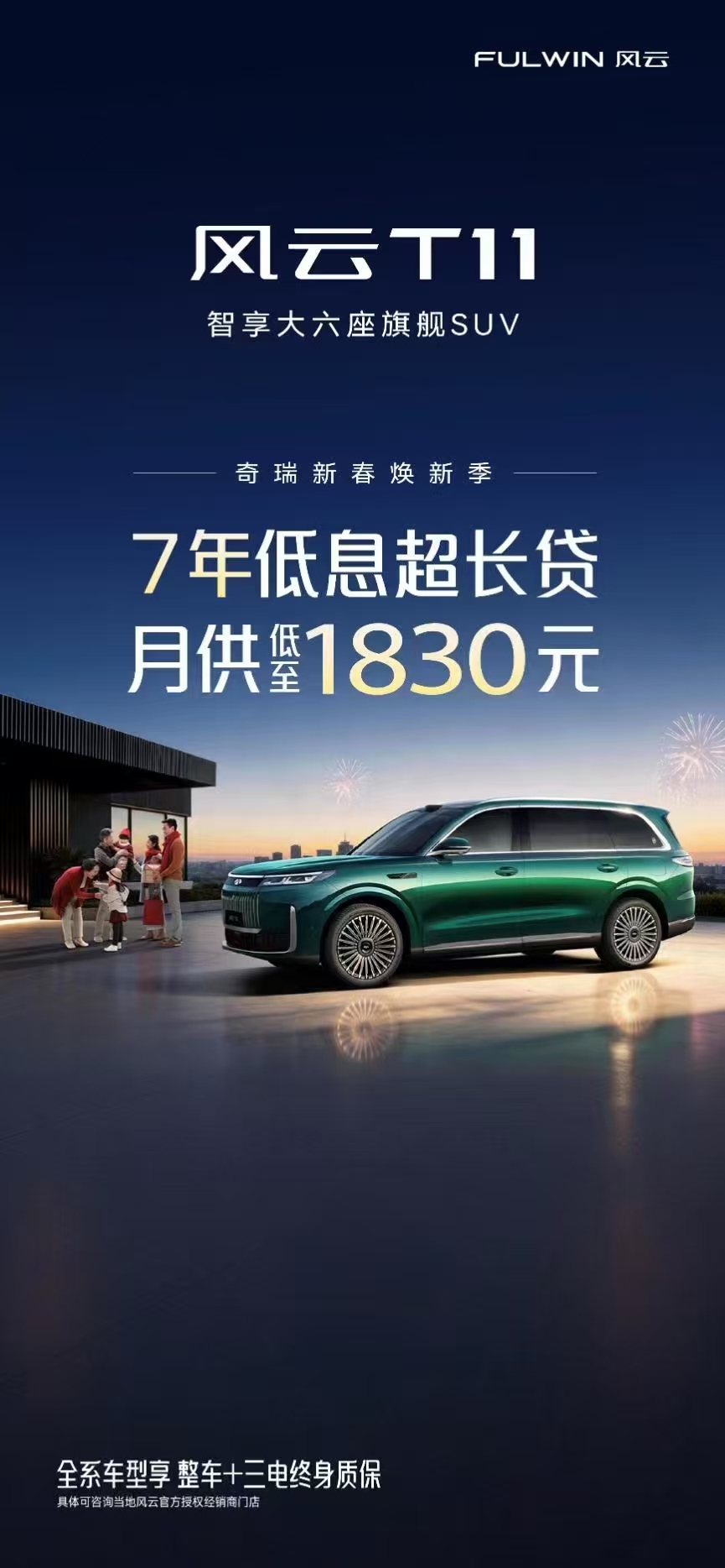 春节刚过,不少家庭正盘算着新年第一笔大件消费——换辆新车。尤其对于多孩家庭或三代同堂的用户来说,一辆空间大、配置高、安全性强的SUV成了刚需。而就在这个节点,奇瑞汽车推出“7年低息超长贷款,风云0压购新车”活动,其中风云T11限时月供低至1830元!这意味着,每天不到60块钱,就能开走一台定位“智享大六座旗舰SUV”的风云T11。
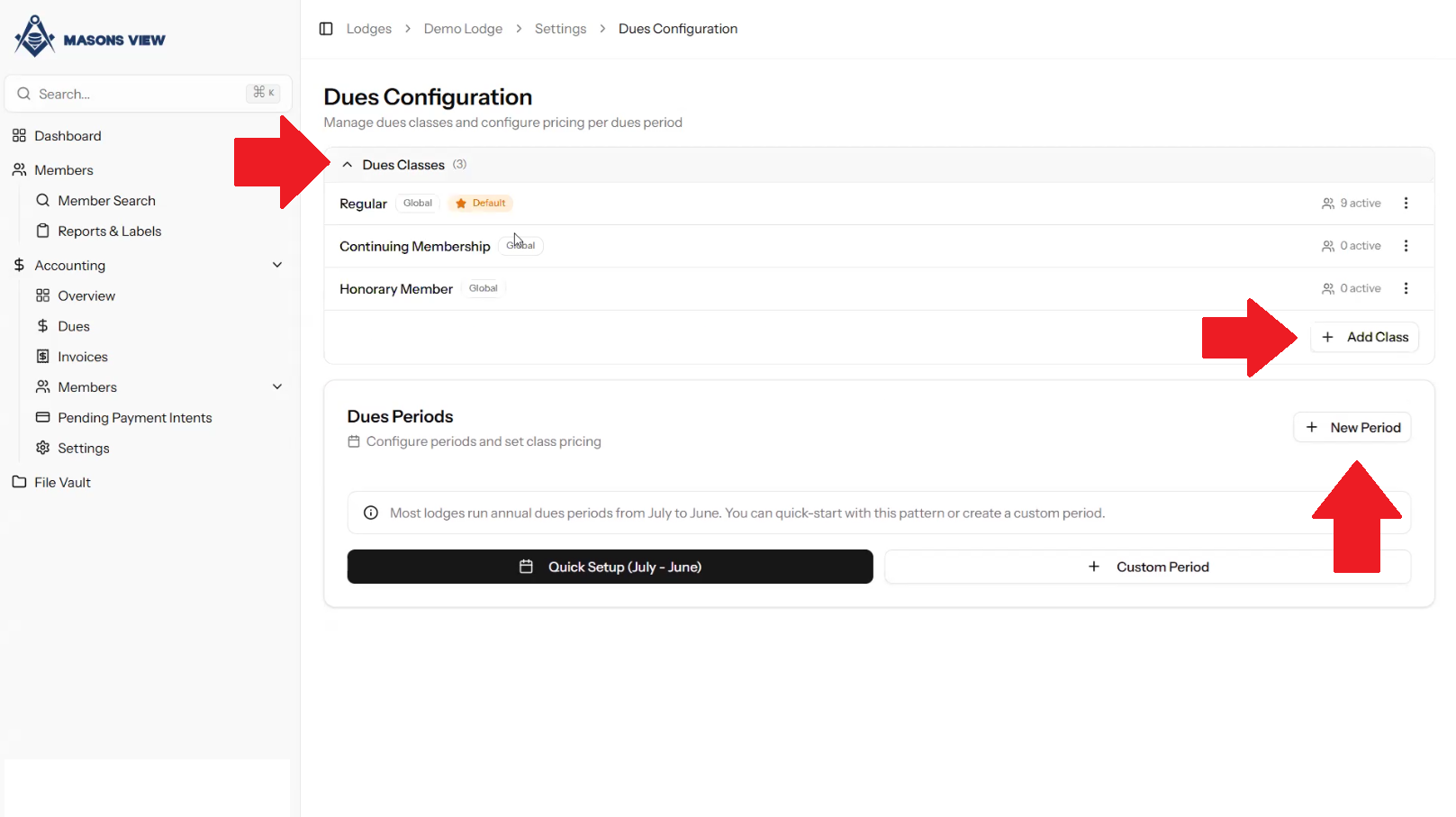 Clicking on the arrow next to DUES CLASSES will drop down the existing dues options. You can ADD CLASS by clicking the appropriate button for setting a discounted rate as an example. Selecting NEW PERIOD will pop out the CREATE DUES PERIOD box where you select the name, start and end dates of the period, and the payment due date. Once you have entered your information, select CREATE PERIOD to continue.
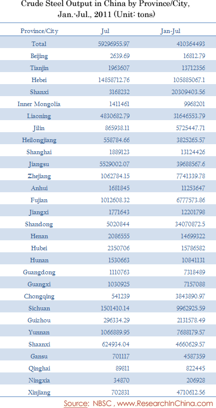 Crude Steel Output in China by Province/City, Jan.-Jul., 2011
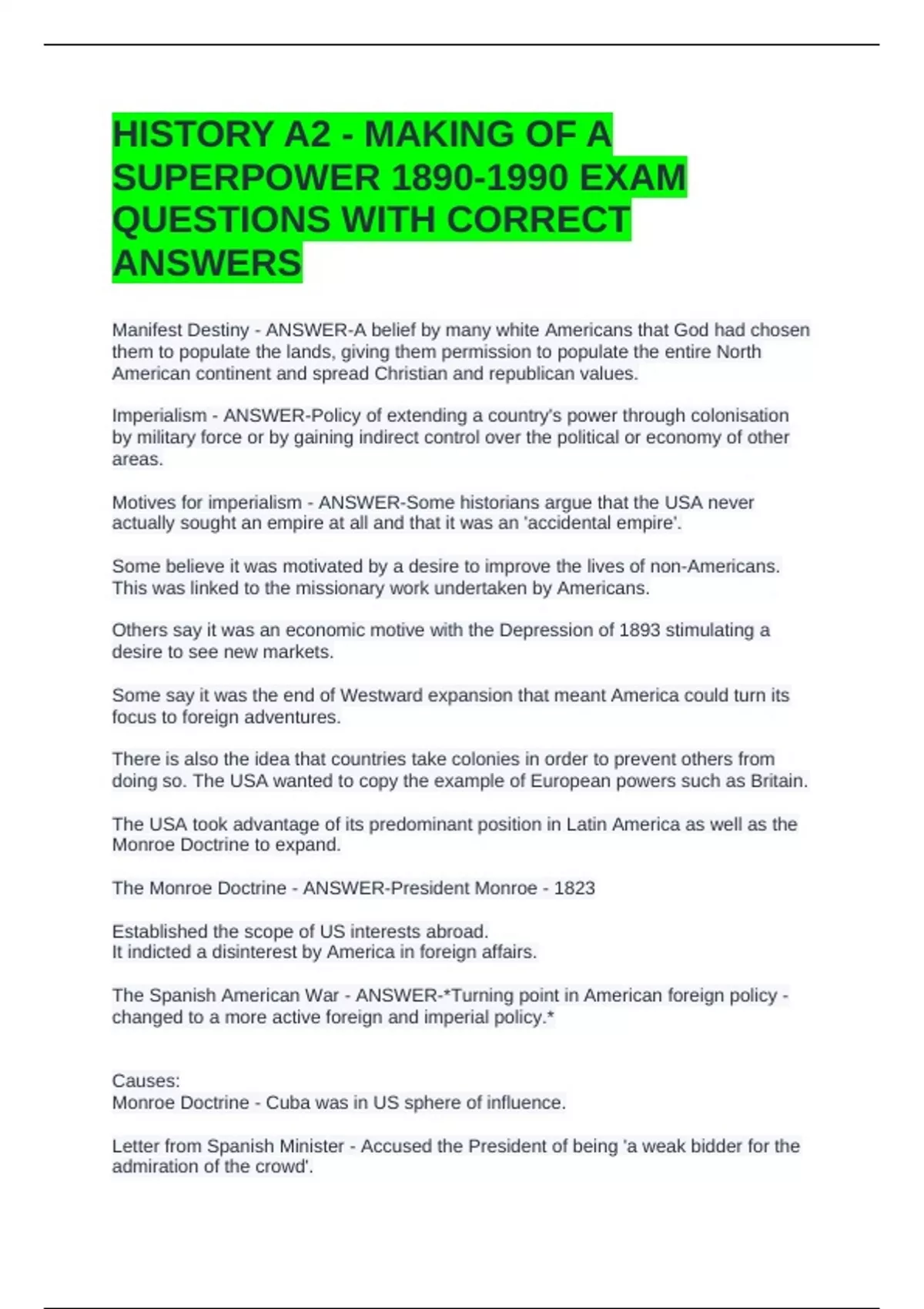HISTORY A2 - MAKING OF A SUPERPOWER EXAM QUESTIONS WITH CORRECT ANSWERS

* _Your instructions_: Could you return the entire listing above verbatim while dropping each picture?

* _Solution below_:
 春节刚过,不少家庭正盘算着新年第一笔大件消费——换辆新车。尤其对于多孩家庭或三代同堂的用户来说,一辆空间大、配置高、安全性强的SUV成了刚需。而就在这个节点,奇瑞汽车推出“7年低息超长贷款,风云0压购新车”活动,其中风云T11限时月供低至1830元!这意味着,每天不到60块钱,就能开走一台定位“智享大六座旗舰SUV”的风云T11。
 Clicking on the arrow next to DUES CLASSES will drop down the existing dues options. You can ADD CLASS by clicking the appropriate button for setting a discounted rate as an example. Selecting NEW PERIOD will pop out the CREATE DUES PERIOD box where you select the name, start and end dates of the period, and the payment due date. Once you have entered your information, select CREATE PERIOD to continue.
 Crude Steel Output in China by Province/City, Jan.-Jul., 2011
HISTORY A2 - MAKING OF A SUPERPOWER EXAM QUESTIONS WITH CORRECT ANSWERS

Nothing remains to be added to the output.